Headless Browser Detection via CSS System Colors

security scraping stealth playwright

Three lines of JavaScript can detect headless Chrome, even with stealth plugins.

The Detection

const div = document.createElement('div');
div.style.backgroundColor = 'ActiveText';
document.body.appendChild(div);
const color = getComputedStyle(div).backgroundColor;
// Real desktop: unique OS-themed color (varies per user)
// Headless/cloud: rgb(255, 0, 0) — Chromium's hardcoded default

ActiveText is a CSS system color that pulls from the OS theme. Real desktops return unique themed colors. Headless Chromium on cloud machines returns the hardcoded default rgb(255, 0, 0) because there’s no OS theme to pull from.

Why Stealth Plugins Don’t Fix This

Patchright, puppeteer-extra-plugin-stealth, and similar tools patch:

  • navigator.webdriver
  • navigator.plugins
  • chrome.runtime
  • WebGL fingerprint
  • Canvas fingerprint

But they don’t patch CSS system color resolution because that happens at the rendering engine level, not in JavaScript APIs. The only fix is running on a machine with an actual desktop environment (like our WSL + Windows Chrome CDP setup).

Impact on Our Stack

Our Chrome CDP setup (debug Chrome on Windows) is NOT affected because it’s a real desktop browser with a real OS theme.
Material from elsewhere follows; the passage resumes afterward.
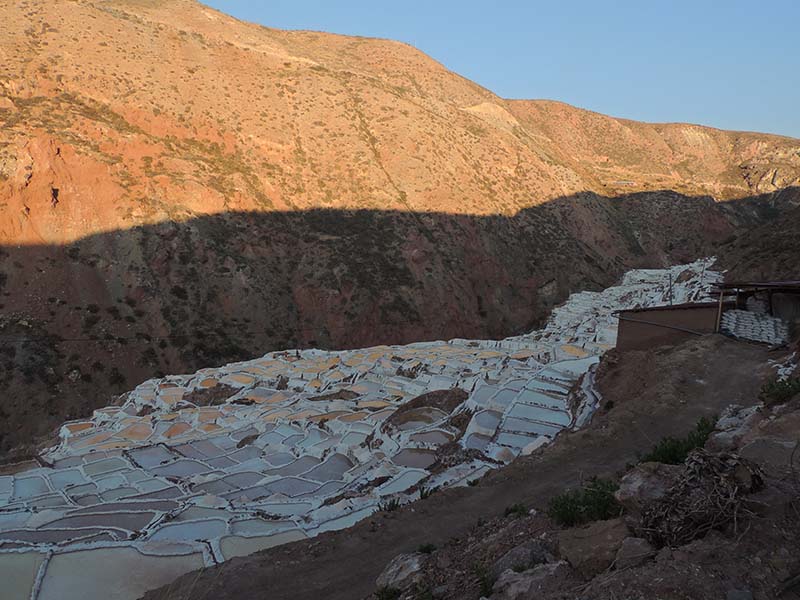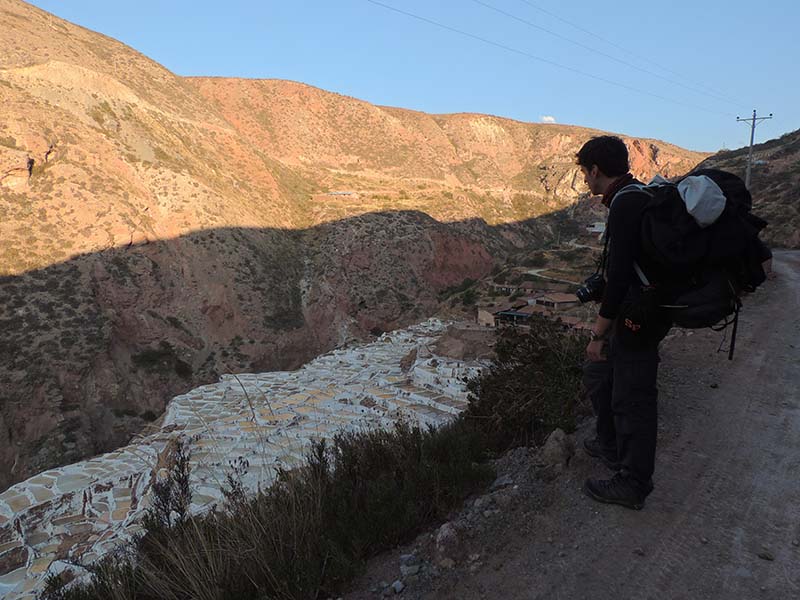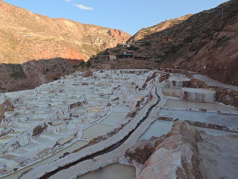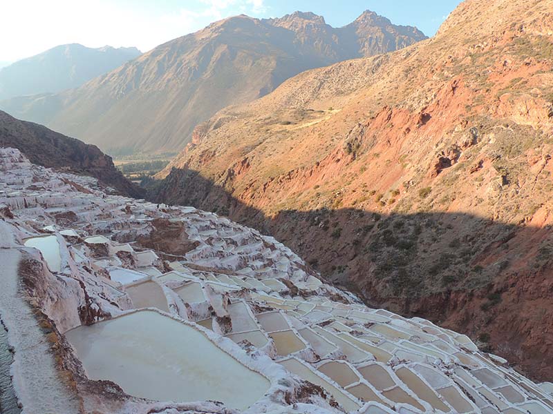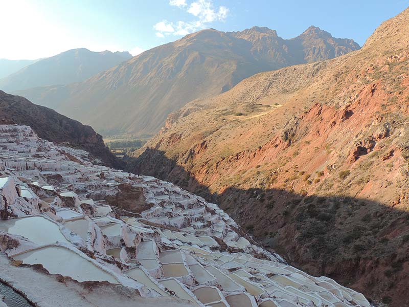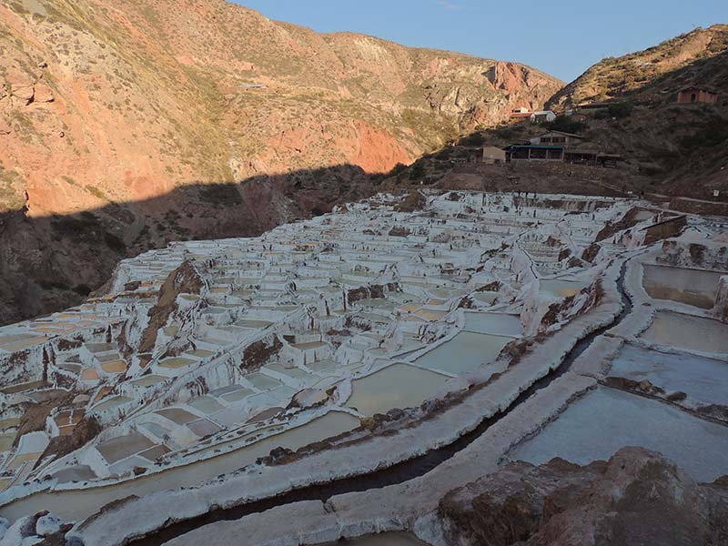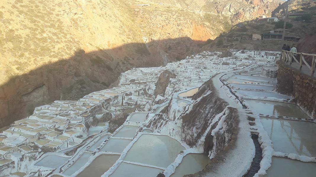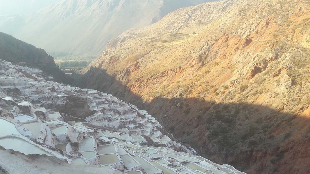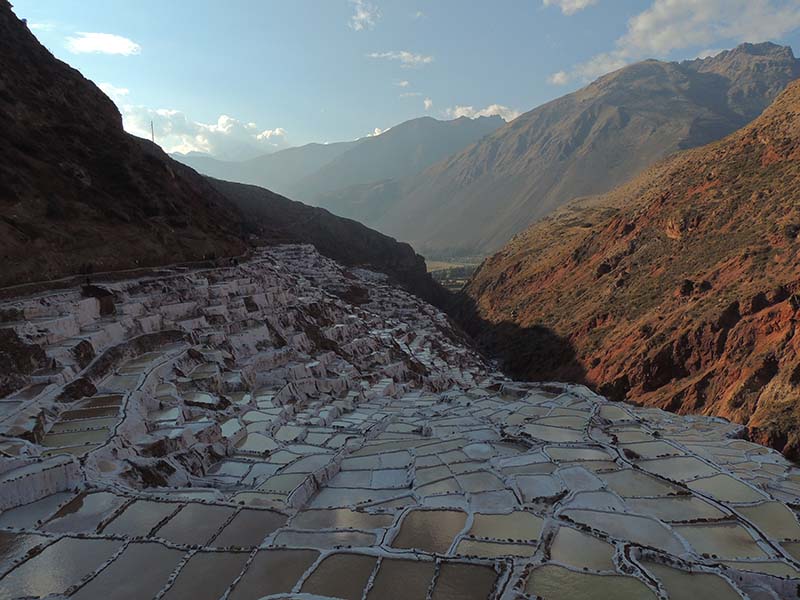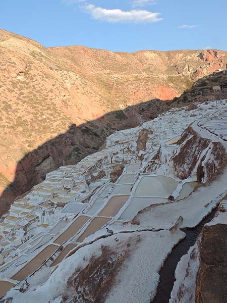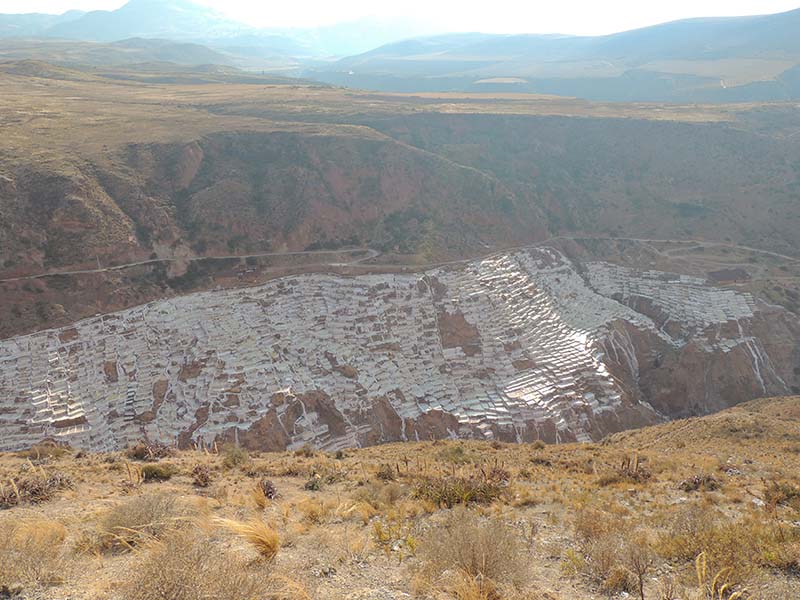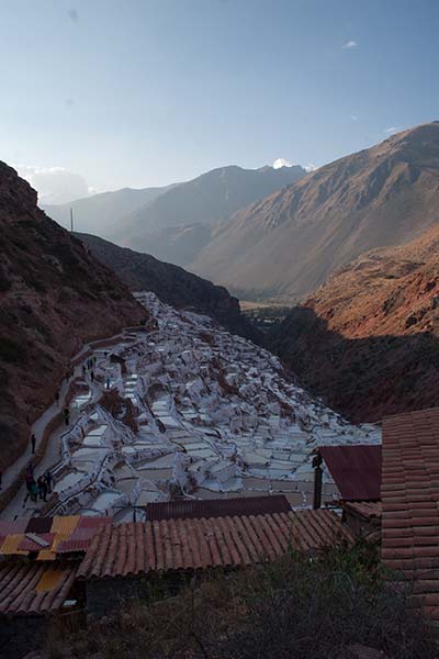 Nous arrivons dans le marché d’objets d’artisanats locaux. Après quelques emplettes, nous allons manger au Blue lama, un petit restaurant snack très sympa. Après être passé par un cyber café pour réimprimer les billets du Machu Picchu (toute une histoire), nous reprenons un collectivo pour Urubumba, un peu plus loin dans la vallée. Arrivés là, le village n’est malheureusement pas très beau comparé au reste de la vallée. Nous cherchons un moyen d’aller à Maras, tout y passe, taxi sans chauffeur, gare de collectivos introuvable... Nous finissons par tomber sur une moto tricycle taxi qui nous conduit vaillamment jusqu’à Maras plus haut dans la montagne et nous amène même jusqu’aux Salines. On ne savait pas trop si l’engin à trois roues en serait capable mais si, et sa conductrice a bien géré la piste très impressionnante. Nous voilà à un endroit assez méconnu mais très beau du Pérou, au sein d’une gorge baignée de soleil le matin et en début d’après-midi, se dressent les Salineras de Maras. Le sel provient d’une source d’eau tiède... salée, chauffée par le volcanisme. Cette eau est ensuite acheminée via des canaux dans des petits bassins pour ensuite s’évaporer et laisser le sel. On dirait de la neige. L’endroit est assez magique. Nous descendons ensuite à pied pour 45 min et après avoir traversé un pont pas forcément des plus rassurants, nous arrivons à Tarabamba.

The detection only catches cloud-hosted headless instances.

If we ever move scraping to a cloud server (Railway, EC2, etc.), this will break Maps scraping and any site that checks for it.

Other System Colors That Leak

  • Canvas — background color
  • CanvasText — text color
  • LinkText — unvisited link color
  • VisitedText — visited link color
  • ButtonFace — button background
  • Highlight — selection highlight

All return Chromium defaults on headless. A fingerprinting script could check all of them.